Have you ever tried to register for an email or social networking account? Chances are your first few choices of usernames had already been taken up by someone else. Naturally, you would end up with silly usernames like “HunnyBunny” or “VinnyPeach”, which my colleagues have recently informed me, were slightly suggestive in nature. If I had registered my real name before the other Vincent Tehs, I wouldn’t have had to suffer so many years of virtual sexual harassment. Things aren’t so different outside the virtual world either, our Singaporean neighbours, desperate for a place to sit after queuing up for centuries to procure their food in food courts, have resorted to “Chope-ing” (Singlish for “reserving”) tables by proxy with packets of tissue paper.
This first come, first served policy is also applicable in the corporate world. When a company is looking to go into a new territory or country, it would have to be sure that it has the Freedom to Operate. It has to be sure that its freedom to sell its goods/services is not curtailed by the prior Intellectual Property (IP) registration of a third party in the new territory. If the company is not careful, the sale of its products may be infringing upon the IP rights of others, with dire consequences.
A good example of the dangers of coming second in the IP registration race can be seen in the recent spate of lawsuits involving tech giant Apple Inc. It started with the custody battle in China with Chinese computer manufacturer Proview International Holdings for the trademark “IPAD” which Proview had registered in 2000, years before Apple had launched its “iPad” product. Apple lost the tussle and eventually conceded defeat by settling with Proview for USD 60 million. Apple was also handed the short end of the stick in South America with regard to its “iPhone” trademark. It lost the exclusive rights to use the trademark “iPhone” in Brazil as Brazilian phone manufacturer Gradiente Electronica had registered the trademark “iphone” in 2000, seven years before Apple released its smartphone. More recently, in March 2013, another David and Goliath showdown transpired where the Mexican Supreme Court held that local technology services firm Ifone had been the owner of the trademark “Ifone” since 2003, paving the way for Ifone to claim damages resulting from the use of its trademark by Apple. If Ifone’s claim is successful, Apple may be asked to pay damages amounting to at least 40% of its iPhone’s sales in Mexico. Apple’s plight in Latin America is an exceptional example of the age-old “you snooze, you lose” rule.

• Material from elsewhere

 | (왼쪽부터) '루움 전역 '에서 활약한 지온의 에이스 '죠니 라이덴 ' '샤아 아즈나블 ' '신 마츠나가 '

The dangers above are not limited to Trademarks alone; a company selling its product in a new country or simply selling a new product in a country where it already has presence may still run afoul of another person’s Patent Rights, Industrial Design Rights, or even Copyrights. The fact that the registration of most IP rights is mainly jurisdictional exacerbates the inconvenience of the first come first served situation. Corporations that seek to protect their Trademarks, Patents or Industrial Designs in a certain jurisdiction will have to register their rights in that particular jurisdiction in order to protect them. This inadvertently creates a sense of corporate colonialism where corporations are racing each other to plant their IP flags around the globe, because if you register your IP rights before your competitors do, you may be able to prevent them from successfully breaking into the market.

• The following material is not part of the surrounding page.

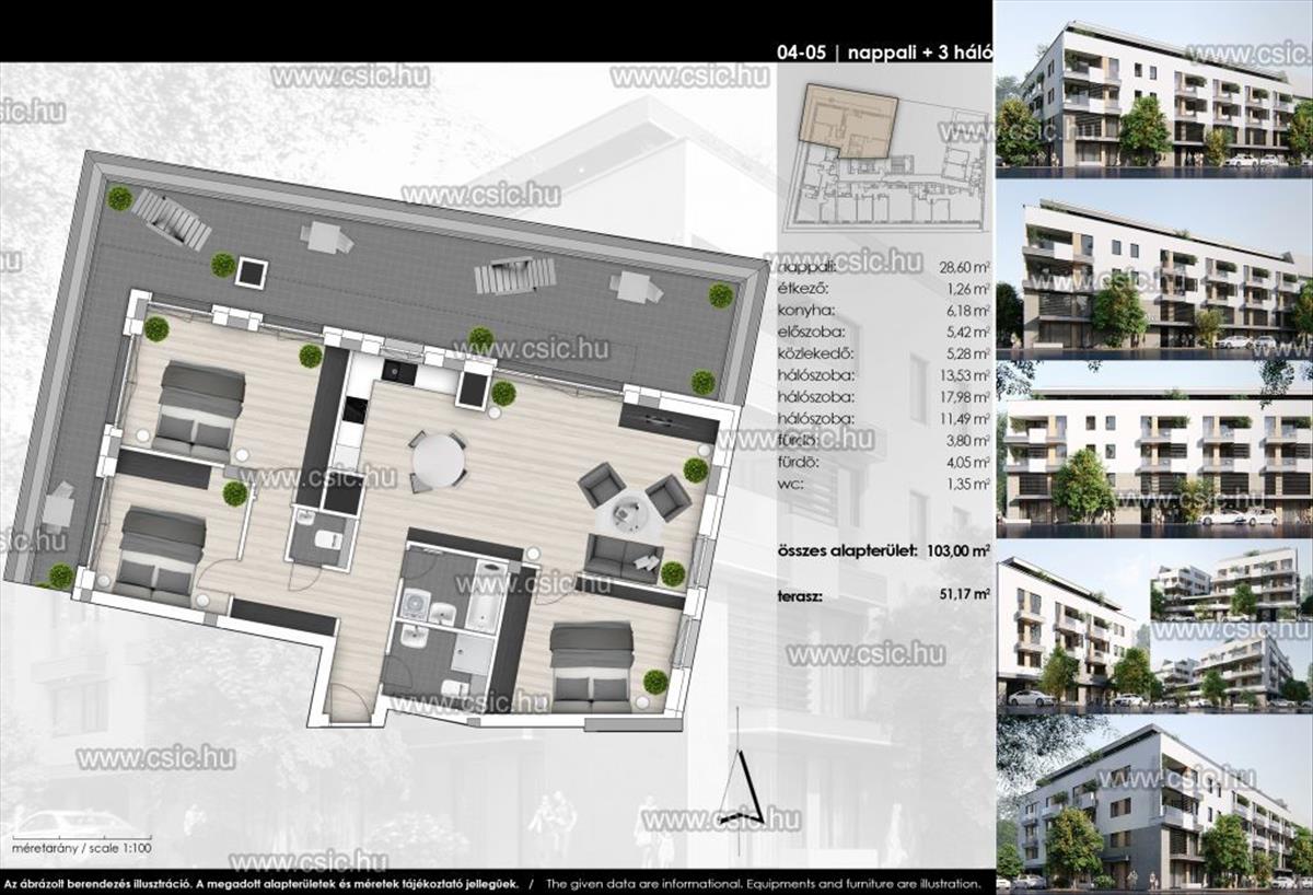 A lakás a társasház 4. emeletén helyezkedik el, É-K-i tájolású: 103 nm es n+3 szobás.

The worldwide legal battles of Samsung, Apple, HTC and Google show us how a corporation can rely on its registered patents and designs to keep its competitors out of a lucrative market. In 2011, Apple had convinced the court in Germany to impose a sales ban on Samsung Galaxy Tab 10.1 for allegedly infringing Apple’s patent. Luckily for Samsung, the decision was later overturned by a higher court. Also recently, Google brought a patent infringement action against Microsoft in the International Trade Commission (ITC). Google claimed that Microsoft’s Xbox 360 games console had infringed the patent of Motorola Mobility (Google’s subsidiary). Fortunately for Microsoft, Google’s allegations were dismissed by the ITC, thereby narrowly averting the possibility of an Xbox 360 sales ban in the US.

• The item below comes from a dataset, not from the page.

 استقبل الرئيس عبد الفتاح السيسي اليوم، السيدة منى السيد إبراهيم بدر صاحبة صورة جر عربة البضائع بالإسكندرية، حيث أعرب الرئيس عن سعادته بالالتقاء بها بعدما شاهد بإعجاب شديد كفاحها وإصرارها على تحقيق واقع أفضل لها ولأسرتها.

“Freedom makes a huge requirement of every human being. With freedom comes responsibility,” said former US First Lady Eleanor Roosevelt. Indeed she is right, freedom isn’t free. Throughout human history, every bit of freedom, e.g., the emancipation of African Slaves, women’s suffrage, habeas corpus, the 4th of July, the 31st of August, equal pay, men’s rights to hog the TV remote, is bought with the blood, toil, tears, sweat and burnt brassieres of those who came before us. Equally, Freedom to Operate requires expenditure of effort and money. To ensure that you are free to sell your products or services, you need to conduct searches in the relevant IP databases (Trademark, Patent, Industrial Design and/or Copyright) of the territories that you are entering into. If you find no prior filings or registrations of IP rights that may affect your Freedom to Operate in those territories, then the coast is clear and you should register your IP rights as soon as you can, before anyone else beats you to it!